In fine, if meet a web page of having the oddness behavior or the free softwares that free and have full functions, have to notice more by ordinary time. Be carelessly very easy to become a victim by malice softwares.

P.S: If use the China softwares, the simplified Chinese interface of softwares usually will be a disorderly code. By this way, We can use the Microsoft AppLocale .

---

有時候上大陸網站，常常會莫名跳出視窗，或者必須要安裝某些元件才能繼續瀏覽等等，又或者從大陸下載的軟體當中被綑綁了其他的軟體，強迫安裝才能使用原來 的軟體，甚至連RM或RMVB因本身檔案格式有自動開啟網頁的功能，而被利用來作為夾帶廣告的影音檔。這些例子多的不勝枚舉。以前還不是很了解，最近終於 知道那些惡意軟體是什麼東西了！因為我也曾經深受其害！

惡意軟體介於病毒與正規或商業軟體之間，其分類有很多種，以下是我自己整理分類的，譬如說有：

綁架首頁：這種惡意軟體會篡改瀏覽器的設定，以瀏覽器的Plugin、瀏覽器輔助工具(BHO) 或是Winsock LSP(Layered Service Provider)的形式來強迫使用者瀏覽某一畫面，而通常無法更改或移除。
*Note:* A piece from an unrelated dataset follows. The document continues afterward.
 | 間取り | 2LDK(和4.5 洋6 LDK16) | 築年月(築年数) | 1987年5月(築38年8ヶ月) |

這些軟體一般有：3721網路實名、淘寶網、 BT發動機、 DuDu加速器、CNNic中文上網、上網助手、888y、9i5、37021、instafinder、cnww、okww等等。

惡意共用軟體(Malicious shareware):這種會利用各種常用軟體來綑綁惡意軟體，用利誘或陷阱或其他手段來讓使用者註冊，或直接強迫安裝到使用者的電腦裡。一般常見被利用 來綑綁的軟體有：暴風影音(Media Player Classic)、QQ2005、KUGOO、木馬專家2006、WINRAR、Skype破解版等，這些軟體本身並沒有錯，錯的是加入惡意軟體的人。
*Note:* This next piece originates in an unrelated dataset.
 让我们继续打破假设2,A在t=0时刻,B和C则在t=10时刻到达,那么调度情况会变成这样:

間諜軟體或(Spyware)是行為紀錄軟體(Track ware)：這一類的通常偷偷安裝在電腦上當作後門(rootkit)，紀錄使用者的使用習慣、資訊、帳號、密碼等資料。常見的除了木馬程式之外，另有3721網路實名、GetRight 、Keyloggers、 Dialers等等。

癱瘓防毒軟體或其他軟體：有的惡意軟體為了保護自己避免被防毒軟體或防駭軟體偵測到，在安裝好的同時先自我複製且執行一堆程序，譬如開啟一堆視窗來癱瘓防毒軟體，就算防毒軟體抓得到卻也砍不完；又或者是癱瘓頻寬(Bandwidth Flooding)等惡意作為。這一類的大概有：DMCase桌面媒體、BankAsh-A (銀行現金)等。

廣告軟體(Adware) ：為個達到廣告效益或賺取廣告費，這類軟體會強制開啟許多廣告視窗，更甚者可能無法完全移除。例如IE_WinServerName、vste、37ss變種、NetSystem、DiRVIn等等。

影片廣告：這一類多半發生在RM或RMVB檔，因本身設計就具有自動執行事件(events)的功能，只是被利用來當作廣告工具。這會讓觀賞影片者不勝其擾。

其他：.....

目前所指比較利害的清除流氓軟體的工具大概是＂360安全衛士 ＂，此軟體作者可說是惡意軟體的始祖，後來＂改邪歸正＂來發展此軟體以讓人們避免惡意軟體的危害。另外一套是＂完美卸載＂，俗稱系統維護的瑞士刀。

如果是要去除RM或RMVB上的廣告可用免費軟體RealFilter(Download from my site)或者使用需付費的超級兔子去除RM廣告軟體或是Real Producer Plus來移除。

360安全衛士對大陸的惡意軟體黑幫比較有效，那西洋的流氓軟體就得靠Ad-Aware SE 囉！不過Ad-Aware SE只有Personal版的才不需付費，其他的都要付費。另外還有微軟自家的Microsoft Windows Malicious Software Removal Tool ，也可以試試看！

另外，如果使用大陸的軟體，簡體字畫面在其他語系通常會是亂碼，這時候Microsoft AppLocale 是可以使用的工具之ㄧ。

總之，如果遇到有著奇怪行為的網頁或者看起來免費又大碗的免費軟體，這時候得更加注意，一不小心很容易就成為被流氓欺負的受害者了。